The period getter returns the window; value returns the current box if ready.

Inputs / Outputs

From crates/wickra-core/src/indicators/equivolume.rs:

rust
use wickra::{Candle, Indicator, Equivolume, EquivolumeOutput};
// Equivolume: Input = Candle, Output = EquivolumeOutput
const _: fn(&mut Equivolume, Candle) -> Option<EquivolumeOutput> =
    <Equivolume as Indicator>::update;

A Candle in, an Option<EquivolumeOutput> out. The Python binding returns a (height, width) tuple from update and an (n, 2) array from batch(high, low, volume); Node returns { height, width } and a flat Float64Array of length n*2; WASM mirrors the object with camelCase keys.

Warmup

warmup_period() == period. The volume SMA seeds before the first box (first_emission_at_warmup_period pins this).

Edge cases

  • Height = range. height equals high − low (height_is_range pins this).
  • Average width = 1. Average volume gives width == 1 (average_volume_width_is_one pins this).
  • Heavy bar wide. Above-average volume gives width > 1 (heavy_bar_is_wide pins this).
  • Finiteness.
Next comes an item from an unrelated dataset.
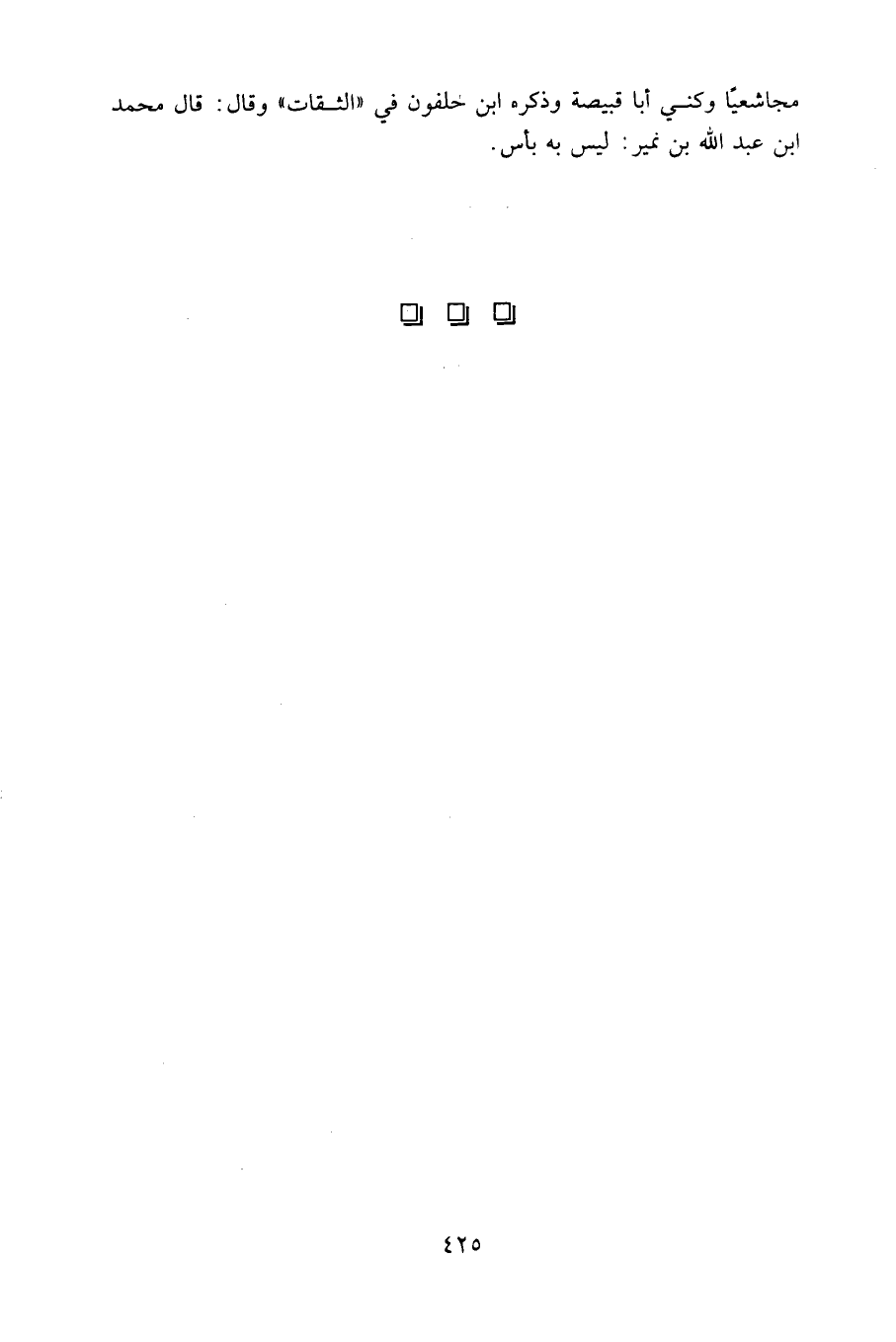 مجاشعيا وكني أبا قبيصة وذكره ابن خلفون في «الثقات» وقال: قال محمد بن عبد الله بن نمير: ليس به بأس.

Candle::new rejects non-finite fields, so no in-method guard is needed.
  • Reset. e.reset() clears the volume SMA and the last value (reset_clears_state).

Examples

Rust

rust
use wickra::{BatchExt, Candle, Indicator, Equivolume};

fn main() -> Result<(), Box<dyn std::error::Error>> {
    let mut e = Equivolume::new(3)?;
    let c = |vol: f64| Candle::new(98.0, 102.0, 98.0, 100.0, vol, 0).unwrap();
    let out = e.batch(&[c(1_000.0), c(1_000.0), c(4_000.0)]).last().unwrap().unwrap();
    println!("height={} width={}", out.height, out.width); // 4, >1 (heavy)
    Ok(())
}

Python

python
import numpy as np
import wickra as ta

e = ta.Equivolume(14)
high = ...; low = ...; volume = ...
height, width = e.batch(high, low, volume).T

Node

javascript
const ta = require('wickra');

const e = new ta.Equivolume(14);
console.log('warmupPeriod:', e.warmupPeriod()); // 14

Streaming

rust
use wickra::{Candle, Indicator, Equivolume};

let mut e = Equivolume::new(14).unwrap();
let feed: Vec<Candle> = Vec::new(); // your live stream
for candle in feed {
    if let Some(box_) = e.update(candle) {
        let ease = box_.height / box_.width.max(1e-9); // tall/narrow -> high
    }
}

Streaming update and batch are equivalent tick-for-tick (batch_equals_streaming pins this).

Interpretation

  1. Ease of movement. Tall, narrow boxes (high height/width) confirm a strong, unopposed move; the opposite warns of resistance.
  2. Breakout quality. A wide box on a breakout means heavy participation — stronger than a narrow one.
  3. Power boxes. A box both taller and wider than its neighbours (Arms' "power box") signals a decisive, high-conviction bar.

Common pitfalls

  • Needs real volume. Width is meaningless on synthetic volume.
  • Not a signal. Equivolume is descriptive; combine the shape with price structure.
  • Range, not body. Height uses the high-low range; for the body version see CandleVolume.

References

Arms, R. W. (1971), Profits in Volume: Equivolume Charting.